Source information =
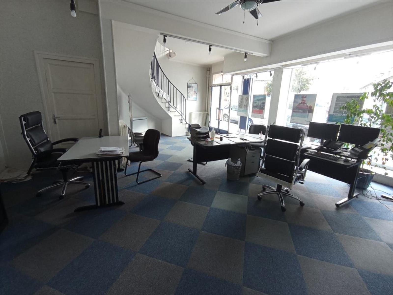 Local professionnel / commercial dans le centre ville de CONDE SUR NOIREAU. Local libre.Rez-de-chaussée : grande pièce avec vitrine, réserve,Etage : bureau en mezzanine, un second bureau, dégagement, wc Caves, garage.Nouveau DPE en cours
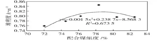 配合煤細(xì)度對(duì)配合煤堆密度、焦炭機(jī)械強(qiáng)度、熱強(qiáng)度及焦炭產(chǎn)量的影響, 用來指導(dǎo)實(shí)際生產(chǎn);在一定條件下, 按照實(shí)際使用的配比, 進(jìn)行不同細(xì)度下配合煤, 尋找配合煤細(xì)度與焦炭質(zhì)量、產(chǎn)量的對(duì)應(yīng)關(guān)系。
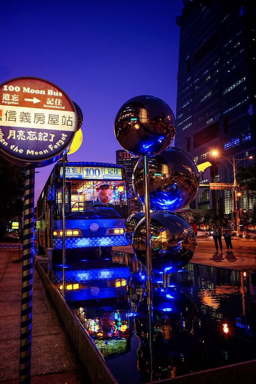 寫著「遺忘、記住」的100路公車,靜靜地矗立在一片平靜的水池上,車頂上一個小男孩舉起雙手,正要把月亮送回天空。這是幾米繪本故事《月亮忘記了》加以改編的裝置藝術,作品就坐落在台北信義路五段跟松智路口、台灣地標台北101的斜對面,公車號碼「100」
---
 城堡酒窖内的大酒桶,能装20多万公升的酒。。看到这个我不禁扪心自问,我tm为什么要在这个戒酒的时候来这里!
==
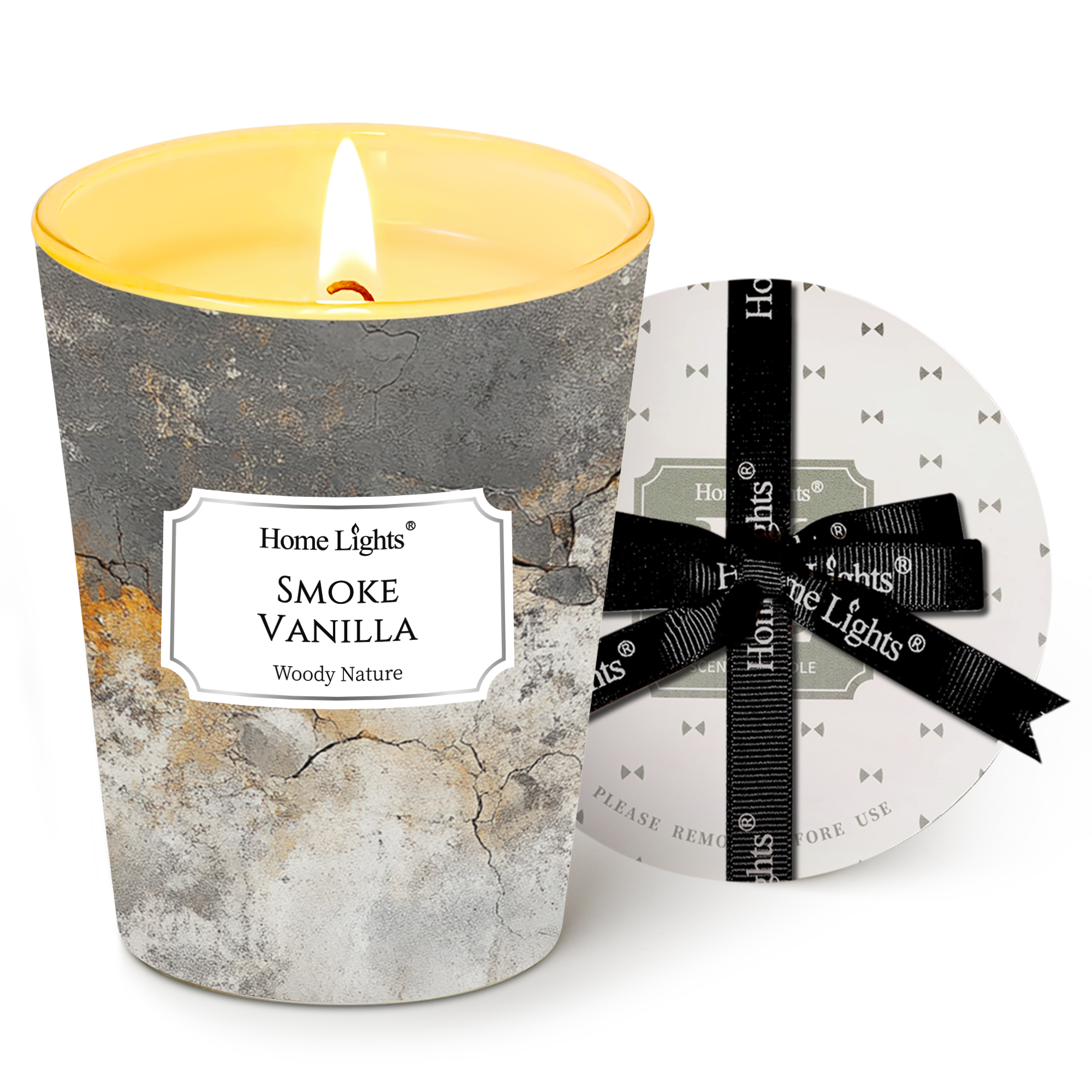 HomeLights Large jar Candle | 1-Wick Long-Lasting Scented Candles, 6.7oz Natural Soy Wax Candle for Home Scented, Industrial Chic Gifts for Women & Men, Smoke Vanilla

Task = The lines above from the line with "Local professionnel /" through the line with "寫著「遺忘、記住」的100路" are to be given again word for word, with no pictures among them.

Completed task =
 Local professionnel / commercial dans le centre ville de CONDE SUR NOIREAU. Local libre.Rez-de-chaussée : grande pièce avec vitrine, réserve,Etage : bureau en mezzanine, un second bureau, dégagement, wc Caves, garage.Nouveau DPE en cours
 配合煤細(xì)度對(duì)配合煤堆密度、焦炭機(jī)械強(qiáng)度、熱強(qiáng)度及焦炭產(chǎn)量的影響, 用來指導(dǎo)實(shí)際生產(chǎn);在一定條件下, 按照實(shí)際使用的配比, 進(jìn)行不同細(xì)度下配合煤, 尋找配合煤細(xì)度與焦炭質(zhì)量、產(chǎn)量的對(duì)應(yīng)關(guān)系。
 寫著「遺忘、記住」的100路公車,靜靜地矗立在一片平靜的水池上,車頂上一個小男孩舉起雙手,正要把月亮送回天空。這是幾米繪本故事《月亮忘記了》加以改編的裝置藝術,作品就坐落在台北信義路五段跟松智路口、台灣地標台北101的斜對面,公車號碼「100」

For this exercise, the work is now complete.